Highlights & Insights

  • Through "Language Modelization" of 3D Geometric Reconstruction: From tokenization (generation order) → conditional auto-regression (long-range dependency) → DPO (preference alignment), the pipeline is a complete port of the LLM training paradigm to 3D reconstruction, even replicating the scaling law.
  • Clever PSF Design: Using \(\frac{F_c+F_e}{F_{wed}}\) unifies "geometric accuracy (numerator)" and "topological correctness (denominator)" into a single scalar, naturally reconciling two competing objectives into a comparable preference signal without manual annotation.
  • "EOS only at multiples of 6" is a low-cost, critical constraint: This simple decoding rule eliminates structurally invalid "half-edges," a useful trick for discrete sequence generation in structured geometry.
  • Using self-sampled preference pairs for DPO avoids manual labeling; this "self-generated preference data + DPO" approach is transferable to other structured generation tasks.

Limitations & Future Work

  • Authors acknowledge failure cases (local missing structures or unordered edges) for extremely complex structures.
  • Performance degrades significantly under extreme input degradation (75% removal, 0.05 noise), indicating a limit to global context robustness.
  • ⚠️ Auto-regressive token-by-token generation might be slow for long wireframes (complex buildings with many edges); inference latency comparison is missing.
  • The PSF design is specific (combination of F1 and WED); whether it is optimal or universal for all building styles requires further discussion.
  • Future Work: Introducing stronger geometric/physical constraints during decoding or expanding preference signals to include semantic human feedback may further reduce topological errors in complex buildings.
  • vs Detection-based (PC2WF / Point2Roof / BWFormer / PBWR): These focus on local features and suffer from missed detections under noise; they are not fully end-to-end.

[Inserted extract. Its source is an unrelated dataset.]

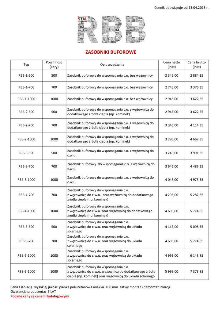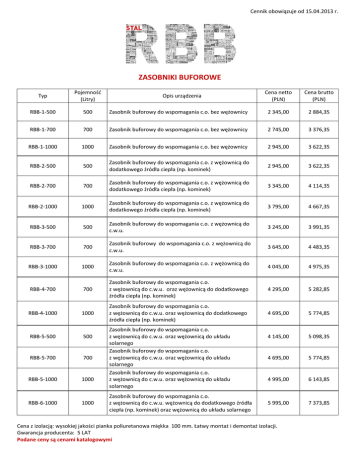 Cennik obowiązuje od 15.04.2013 r. ZASOBNIKI BUFOROWE Typ Pojemność (Litry) Cena netto (PLN) Cena brutto (PLN) RBB-1-500 500 Zasobnik buforowy do wspomagania c.o. bez wężownicy 2 345,00 2 884,35 RBB-1-700 700 Zasobnik buforowy do wspomagania c.o. bez wężownicy 2 745,00 3 376,35 RBB-1-1000 1000 Zasobnik buforowy do wspomagania c.o. bez wężownicy 2 945,00 3 622,35 RBB-2-500 500 Zasobnik buforowy do wspomagania c.o. z wężownicą do dodatkowego źródła ciepła (np. kominek) 2 945,00 3 622,35 RBB-2-700 700 Zasobnik buforowy do wspomagania c.o. z wężownicą do dodatkowego źródła ciepła (np. kominek) 3 345,00 4 114,35 RBB-2-1000 1000 Zasobnik buforowy do wspomagania c.o. z wężownicą do dodatkowego źródła ciepła (np. kominek) 3 795,00 4 667,35 RBB-3-500 500 Zasobnik buforowy do wspomagania c.o. z wężownicą do c.w.u. 3 245,00 3 991,35 RBB-3-700 700 Zasobnik buforowy do wspomagania c.o. z wężownicą do c.w.u. 3 645,00 4 483,35 RBB-3-1000 1000 Zasobnik buforowy do wspomagania c.o. z wężownicą do c.w.u. 4 045,00 4 975,35 RBB-4-700 700 Zasobnik buforowy do wspomagania c.o. z wężownicą do c.w.u. oraz wężownicą do dodatkowego źródła ciepła (np. kominek) 4 295,00 5 282,85 RBB-4-1000 1000 Zasobnik buforowy do wspomagania c.o. z wężownicą do c.w.u. oraz wężownicą do dodatkowego źródła ciepła (np. kominek) 4 695,00 5 774,85 RBB-5-500 500 4 145,00 5 098,35 RBB-5-700 700 4 695,00 5 774,85 RBB-5-1000 1000 4 995,00 6 143,85 RBB-6-1000 1000 5 995,00 7 373,85 Opis urządzenia Zasobnik buforowy do wspomagania c.o. z wężownicą do c.w.u. oraz wężownicą do układu solarnego Zasobnik buforowy do wspomagania c.o. z wężownicą do c.w.u. oraz wężownicą do układu solarnego Zasobnik buforowy do wspomagania c.o. z wężownicą do c.w.u. oraz wężownicą do układu solarnego Zasobnik buforowy do wspomagania c.o. z wężownicą do c.w.u. wężownicą do dodatkowego źródła ciepła (np. kominek) oraz wężownicą do układu solarnego Cena z izolacją: wysokiej jakości pianka poliuretanowa miękka 100 mm. Łatwy montaż i demontaż izolacji. Gwarancja producenta: 5 LAT Podane ceny są cenami katalogowymi

BuildingGPT generates entire edge sequences, models dependencies explicitly, and leads significantly in metrics (e.g., EF1 88.9 → 94.4).
  • vs Diffusion-based (EdgeDiff): EdgeDiff requires post-processing for its fixed padding edges; BuildingGPT uses adaptive sequence lengths and an EOS constraint, removing the need for padding or clustering (WED 1.39 → 0.98).
  • vs Auto-regressive Mesh Generation (PolyGen / MeshGPT): This work borrows the idea of ordering geometry into token sequences but introduces the footprint → roof hierarchical semantic tokenization and is the first to bring DPO preference alignment to wireframe reconstruction.

Rating

  • Novelty: ⭐⭐⭐⭐⭐ First complete "Hierarchical Tokenization + Conditioned Auto-regression + DPO" paradigm for wireframe reconstruction.
  • Experimental Thoroughness: ⭐⭐⭐⭐⭐ Comprehensive comparisons, ablations, scaling, robustness, and cross-domain tests on a 267K dataset.
  • Writing Quality: ⭐⭐⭐⭐ Clear motivation and method, though some implementation details (inference latency) are sparse.
  • Value: ⭐⭐⭐⭐⭐ Successfully migrates LLM paradigms to 3D structured reconstruction with scaling behavior, offering high utility for city modeling and digital twins.